Desenfundar la espada, en lenguaje militar, no es un acto simbólico cualquiera. Es una declaración. Significa “vamos a la guerra”. Y la bandera utilizada tiene el mismo origen: la “guerra a muerte” fue proclamada en 1813 para enfrentar, sin posibilidad de reconciliación, al enemigo. En su contexto histórico, tenía sentido: era una lucha por la independencia. Pero traer esos símbolos al presente, en un país democrático, no es un homenaje. Es una amenaza.
No es la primera vez que un líder populista recurre a estos gestos. Hugo Chávez también levantó la espada de Bolívar para construir un relato de confrontación. Y Petro, como buen imitador de ese libreto, no solo copia los gestos sino también el discurso: la lucha del pueblo contra las élites, del pobre contra el rico, del joven contra el viejo, del ciudadano contra las instituciones. Una guerra inventada, diseñada para dividir.
Y es ahí donde el peligro se vuelve evidente. Porque mientras Petro agita las emociones con símbolos de guerra, la institucionalidad se debilita. No es gratuito que en su discurso haya insinuado que si el Congreso no le aprueba sus reformas, el pueblo debería levantarse y revocar a sus representantes. Esa no es una invitación al debate democrático. Es una incitación a la desobediencia institucional.
Cuando un presidente deja de gobernar con resultados y empieza a gobernar con símbolos, es porque necesita ocultar el vacío. No tiene cifras, no tiene logros, pero sí tiene espectáculo. Petro no presentó soluciones para los trabajadores ese día. Les dio un relato heroico, les vendió épica en lugar de empleo, y les pidió lealtad emocional en lugar de exigirle resultados concretos.
Y lo más grave es que sabe lo que hace.

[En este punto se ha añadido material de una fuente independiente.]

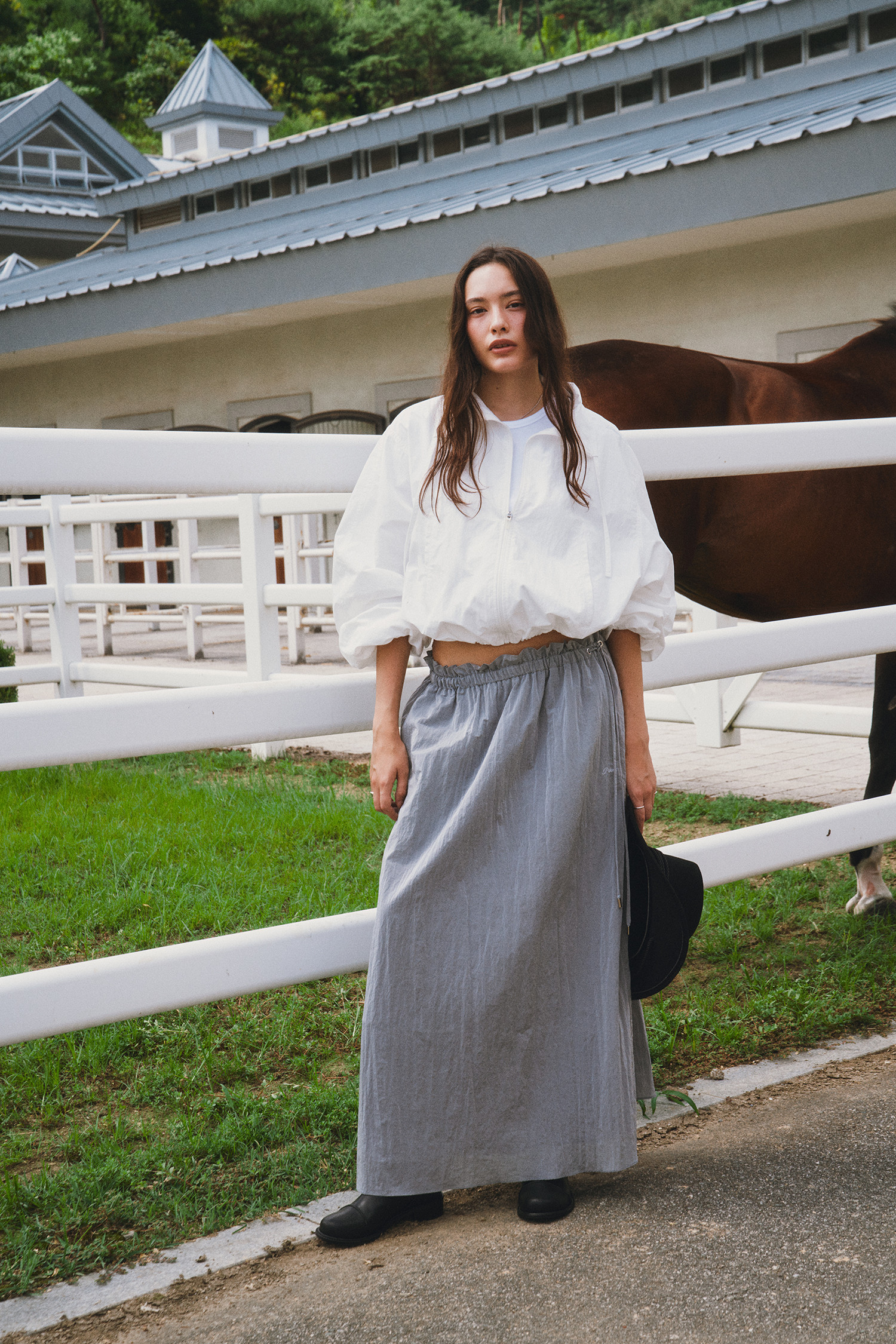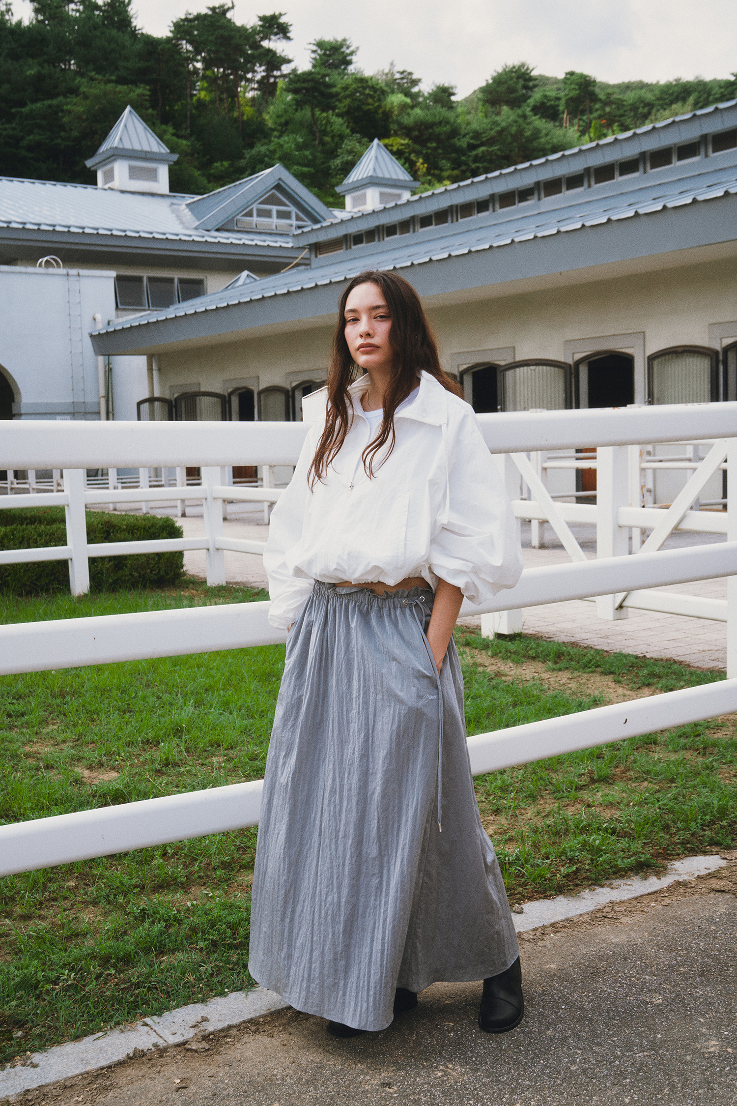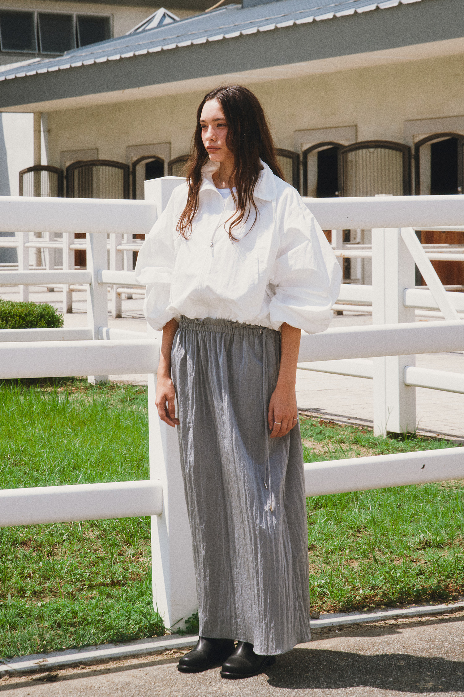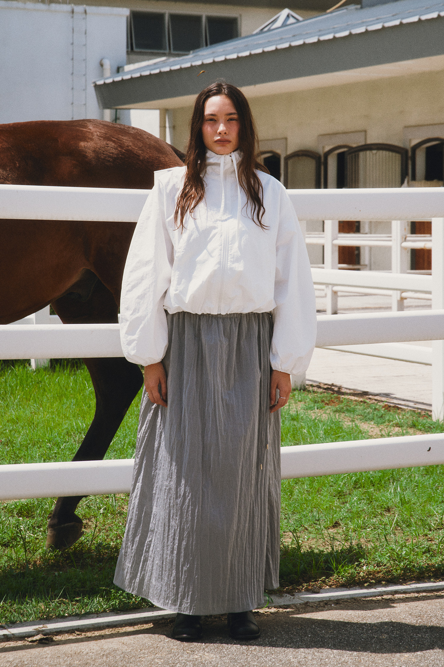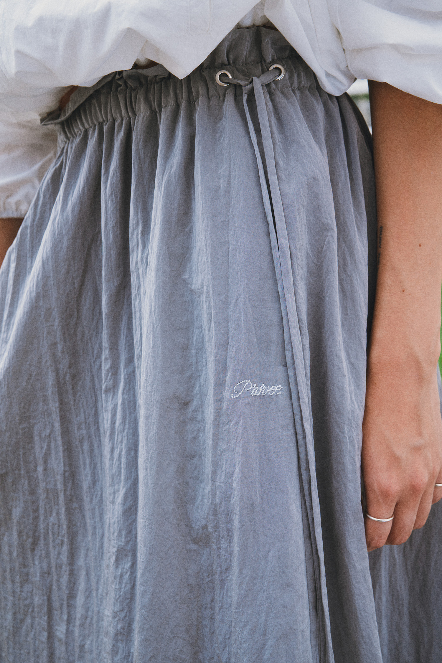 나일론 소재로 바스락거리는 터치감이 매력적인 롱 스커트

A diferencia de quienes defendemos la democracia desde la libertad, ellos sí comprenden el poder de los símbolos. Los usan para manipular, para cohesionar, para imponer una narrativa. Mientras tanto, desde la derecha nos hemos acostumbrado a los argumentos, pero hemos olvidado el lenguaje emocional que mueve a las masas.
No se trata de subestimar al adversario. Se trata de entenderlo. Petro no es solo un presidente con malas ideas. Es un líder con una estrategia clara: desinstitucionalizar para perpetuarse, dividir para dominar, gobernar desde la tarima en lugar del despacho. Y esa estrategia empieza por algo tan simple como una espada… y una bandera.
Colombia no puede quedarse callada frente a esta simbología de la confrontación. No se trata de criticar un gesto aislado, sino de leer lo que representa. Porque si el relato de “vencer o morir” vuelve a instalarse en la política, lo que estará en juego no será una reforma, será la democracia misma.